▸ Problem requirements
Skip the pictures, please, and write out exactly every line from the one containing "赛博朋克、汽车、尾灯、道路、" through the end of the listing below.

▸ Data section
=====
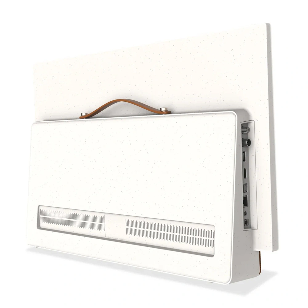 در بخش صوتی نیز، این دستگاه با دو بلندگوی ۸ واتی و پشتیبانی از فناوری Dolby Audio صدایی واضح و همهجانبه ارائه میدهد. طراحی مدرن با دستگیره چرمی حمل باعث میشود جابهجایی دستگاه بسیار آسان باشد، درحالیکه وزن و ابعاد مناسب آن (۲۳ × ۵۵ × ۳۶ سانتیمتر) استفاده در خانه، خودرو، کمپینگ یا حتی محل کار را ممکن میسازد. از دیگر ویژگیهای مهم این تلویزیون میتوان به اتصال بیسیم از طریق Wi-Fi و بلوتوث، کنترل صوتی با فرمان “Hey Google”، درگاههای HDMI و USB، و مصرف انرژی بهینه اشاره کرد. بدنه مقاوم و طراحی ظریف دستگاه، حس لوکس و کارآمدی را همزمان منتقل میکند.
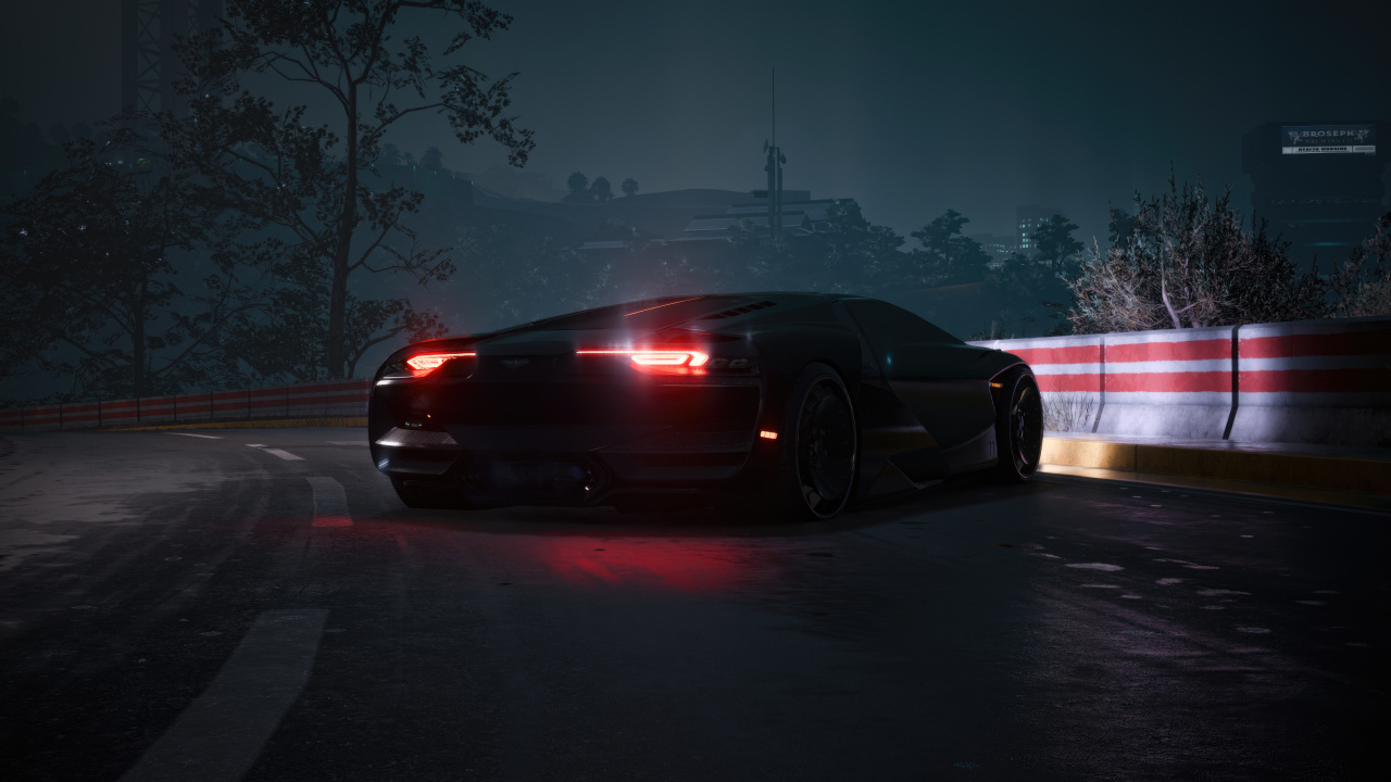 赛博朋克、汽车、尾灯、道路、树木、车轮、未来派、卫星、天线、风景、低光、数字、艺术、视频、游戏
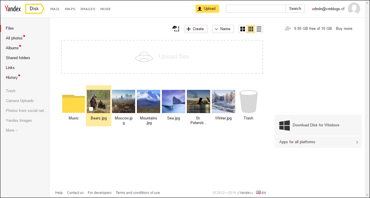 Ngoài email thì Yandex cũng có rất nhiều dịch vụ khác như Disk (lưu trữ 10GB cho mỗi tài khoản), Maps cho dịch vụ bản đồ, Translate…
=====
▸ Solution for this exercise
 赛博朋克、汽车、尾灯、道路、树木、车轮、未来派、卫星、天线、风景、低光、数字、艺术、视频、游戏
 Ngoài email thì Yandex cũng có rất nhiều dịch vụ khác như Disk (lưu trữ 10GB cho mỗi tài khoản), Maps cho dịch vụ bản đồ, Translate…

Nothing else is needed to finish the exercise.